You are right, this one is an oversight from my side, thanks for correction. So this cause is also something to be fixed in sleigh. For completeness here is the list of test cases that have wrong decompilation due to this cause:

CmP-lt commented 1 year ago

It appears that several cases, including _inst_33_var_0, have been fixed by changes in decompiler since 10.3 (most likely in 8977840661f66050055bf17985864fb5973d07ff). Fixed cases include: 33, 248, 788, 830, 1054, 1058, 1081, 1085, 1087.

But it's also worth to add that case _inst_27_var_0 that also tests addp instruction (but with different operand types) decompiles not as expected both in 10.3 and with latest changes to decompiler.
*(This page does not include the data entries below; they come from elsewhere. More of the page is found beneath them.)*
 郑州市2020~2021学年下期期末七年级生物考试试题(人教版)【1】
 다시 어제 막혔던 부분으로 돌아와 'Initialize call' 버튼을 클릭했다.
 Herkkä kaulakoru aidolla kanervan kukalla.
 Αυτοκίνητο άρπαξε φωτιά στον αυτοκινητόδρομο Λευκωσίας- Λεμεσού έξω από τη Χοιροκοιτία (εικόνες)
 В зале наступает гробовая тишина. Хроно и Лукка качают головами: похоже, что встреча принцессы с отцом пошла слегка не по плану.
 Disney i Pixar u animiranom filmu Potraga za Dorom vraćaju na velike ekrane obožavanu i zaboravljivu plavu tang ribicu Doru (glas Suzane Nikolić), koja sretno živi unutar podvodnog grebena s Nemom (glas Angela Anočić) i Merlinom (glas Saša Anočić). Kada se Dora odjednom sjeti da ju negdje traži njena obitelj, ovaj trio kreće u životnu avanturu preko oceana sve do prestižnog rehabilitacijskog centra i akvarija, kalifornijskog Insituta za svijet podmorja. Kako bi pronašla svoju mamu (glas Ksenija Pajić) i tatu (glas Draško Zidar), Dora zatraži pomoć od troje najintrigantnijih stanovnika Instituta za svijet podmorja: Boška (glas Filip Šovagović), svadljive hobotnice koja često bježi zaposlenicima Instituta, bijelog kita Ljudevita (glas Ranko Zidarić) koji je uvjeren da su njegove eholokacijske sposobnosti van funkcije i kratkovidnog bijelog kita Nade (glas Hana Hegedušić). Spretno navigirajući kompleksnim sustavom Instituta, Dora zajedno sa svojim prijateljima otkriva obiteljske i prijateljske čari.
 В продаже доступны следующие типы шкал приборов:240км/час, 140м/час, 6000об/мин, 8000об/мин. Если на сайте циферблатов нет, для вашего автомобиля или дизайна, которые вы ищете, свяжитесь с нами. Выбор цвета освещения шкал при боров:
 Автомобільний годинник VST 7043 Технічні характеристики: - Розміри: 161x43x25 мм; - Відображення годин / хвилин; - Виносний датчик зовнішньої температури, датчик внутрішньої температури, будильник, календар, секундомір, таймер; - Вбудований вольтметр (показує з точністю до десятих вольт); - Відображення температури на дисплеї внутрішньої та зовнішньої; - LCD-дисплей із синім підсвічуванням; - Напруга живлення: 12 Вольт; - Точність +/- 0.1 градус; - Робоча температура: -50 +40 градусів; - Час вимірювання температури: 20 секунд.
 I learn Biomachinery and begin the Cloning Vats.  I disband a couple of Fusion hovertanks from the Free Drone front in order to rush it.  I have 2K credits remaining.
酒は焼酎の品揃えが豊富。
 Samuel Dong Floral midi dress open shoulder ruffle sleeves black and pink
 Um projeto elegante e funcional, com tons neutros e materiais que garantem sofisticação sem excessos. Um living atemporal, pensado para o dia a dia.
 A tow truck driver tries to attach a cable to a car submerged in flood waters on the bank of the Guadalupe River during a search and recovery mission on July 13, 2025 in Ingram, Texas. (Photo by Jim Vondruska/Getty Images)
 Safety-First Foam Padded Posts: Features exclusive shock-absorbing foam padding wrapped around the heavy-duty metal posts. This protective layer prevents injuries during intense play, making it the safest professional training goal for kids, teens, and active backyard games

It's decompilation looks correct, but something prevents complete simplification of upper 8 bytes:

undefined8 _inst_27_var_0(void)

{
  undefined auVar1 [16];

  auVar1[8] = 0xac;
  auVar1._0_8_ = 0x47ba0b5ab88a1aa1;
  auVar1[9] = 0xc1;
  auVar1[10] = 0xb;
  auVar1[11] = 0x81;
  auVar1[12] = 0x3e;
  auVar1[13] = 0x62;
  auVar1[14] = 0x68;
  auVar1[15] = 0xee;
  _dest_high = auVar1._8_8_ + 0x11979dc17ef43e54;
  _dest_low = 0;
  _dest_gp = 0;
  _dest_flags = 0;
  return 0;
}
GhidorahRex commented 1 year ago

I fixed the mlaregister issue in de6ff8440dcbb315f55343856a15cbdaf79a00e5

rfalke commented 1 year ago

For ghidra_10.1.2_PUBLIC the summary is:

correct (with the expected zeros):         422
incorrect (with some constant):            43
incorrect (with some complex computation): 623

For ghidra_10.3.2_PUBLIC the summary is:

correct (with the expected zeros):         445
incorrect (with some constant):            44
incorrect (with some complex computation): 599

The new file ghidra_armv8_issues_ghidra_10.3.2_PUBLIC.txt has the information about the 44 cases where the computation is wrong but not so complex.

CmP-lt commented 1 year ago

Most of remaining cases from group "incorrect (with some constant)" can at best be partially fixed to fall into category of functions that are decompiled with computations by adding various pcodeops to represent rounding modes. But even such partial measure should be better than nothing, because currently those instructions simply have missing operations (i.e. rounding) in their implementations.